In both cases, though (as in the Schott case, I’d say), craft requires a beholder who, for economic reasons, is not the same person as the craftsperson and is paying for the crafted product.
So, my questions: Who is/are the beholder(s) in the case of web design? Programming? Copywriting? Is that act of beholding invisible to the beholder(s)? In other words, are there some activities within the web umbrella which split economic relations from appreciation of craft? If so, does that affect web culture in a way that makes it different from food culture? If so, how?
Jay
To answer your question, Devan, I’m not quite sure who the beholders are in web design. With all due respect to our clients—and I’m using “our clients” to refer to the entirety of web design consumers—they’re primarily uneducated when it comes to our field, and I’m certain they’d admit as much. I always wonder how a particular client came to work with an agency like, for instance, Happy Cog. I’ve run into few clients who truly lived and breathed the web in the same manner that designers do.

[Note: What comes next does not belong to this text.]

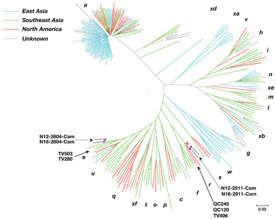 The genotype 6e isolate from our Cambodia study was closely related to strains from Vietnam (TV 503 and TV 280) and the United States (P), with a nucleotide sequence identity of 85.76–92.27%. The genotype 6r isolates (N12-2911-Cam and N16-2911-Cam) from our study were closely related to strains from Asian immigrants living in Canada (QC245 and QC120) and Vietnamese strain TV 406, with a nucleotide sequence identity of 90.13–96.38% (Figure 3).
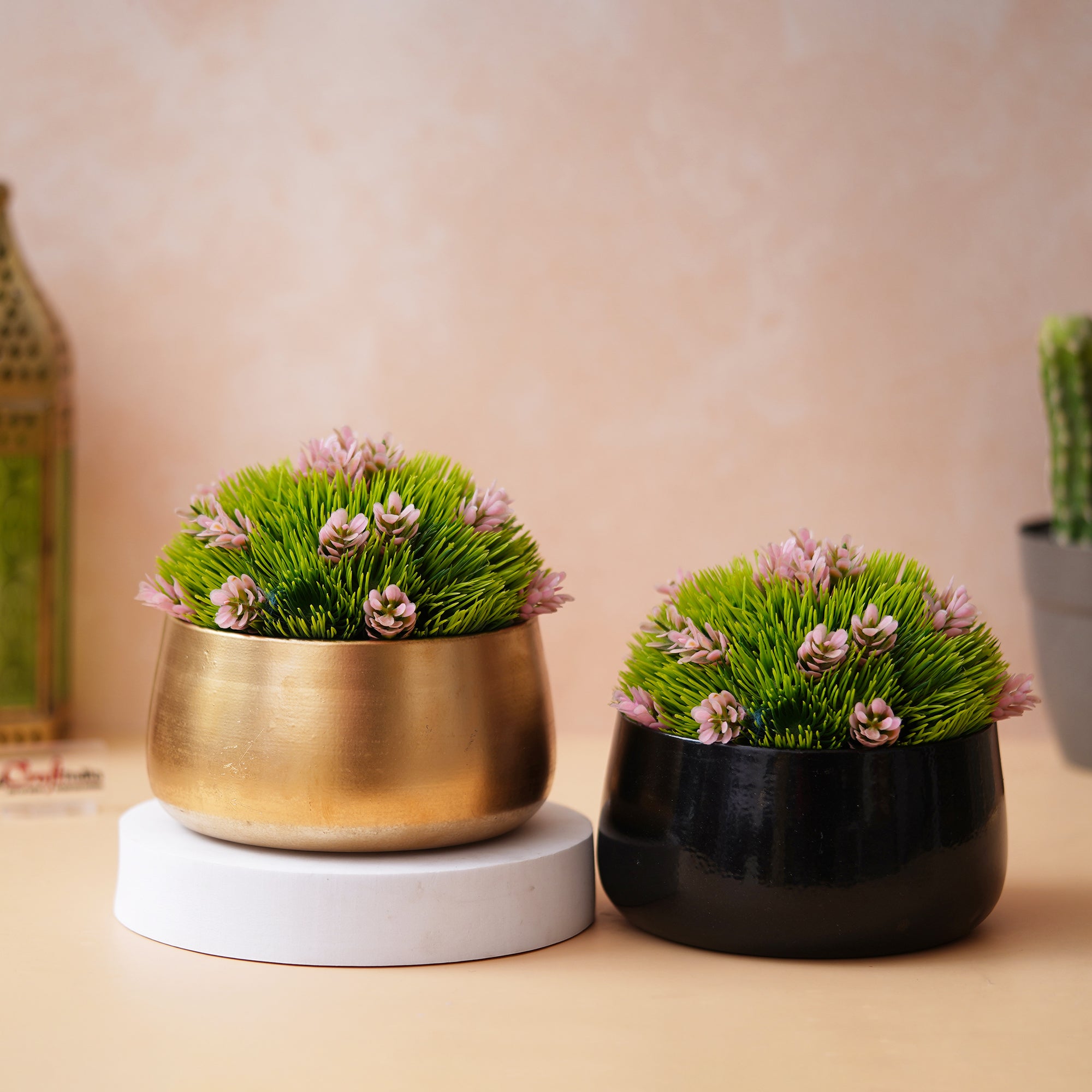 Package Content - Set of 2 Black & Golden Metal Planters Flower Vases Pots for Indoor Outdoor Plants

A gentleman at Sewanee was one, and it’s no coincidence that they’re now working with Unit Interactive.
In the consumption of other goods and services, it seems like there’s a lot more knowledge on the customer’s part regarding the respective quality of various clothiers, or restaurants, or furniture designers, or automobile manufacturers, etc.
It’s quite possible that in web design, the beholders are other web designers. That doesn’t do much for our bottom line.
Nate
Unless the site is contributing directly to the client’s bottom-line (through a shopping cart or advertisements or some other revenue model) it may make more sense to consider our services as contributing to an overall product—the beef in the burger, the leather in the jacket, the wood in the furniture, though significantly less inert. A better analogy may be that of a small cog (zing) in a bigger machine. The craftsmanship of the cog no doubt matters to the success or failure of the machine, but let’s not kid ourselves: the people are here to see the result of the machine not the wheels grinding.
Thus the beholder is not the purchaser of our services but the one sipping the well-crafted coffee or the perfectly concocted meal. In short, the people we choose to work with must be craftsman themselves. Insofar as our work on the website allows them to do their thing, we succeed. If the odd visitor is delighted by the attention to detail on the site, the care and expertise evident in its preparation, so much the better. Perhaps a new customer or two results and the cycle will continue.
Geoff
Craftsmanship is the final 15% of the way there – the difference between the B that everyone knows the teacher will curve up and the A+ most of us have no way to recognize. It’s the sacrificial lamb of progress.
What kind of hippie wears leather jackets to the burger stand, anyway, hippie?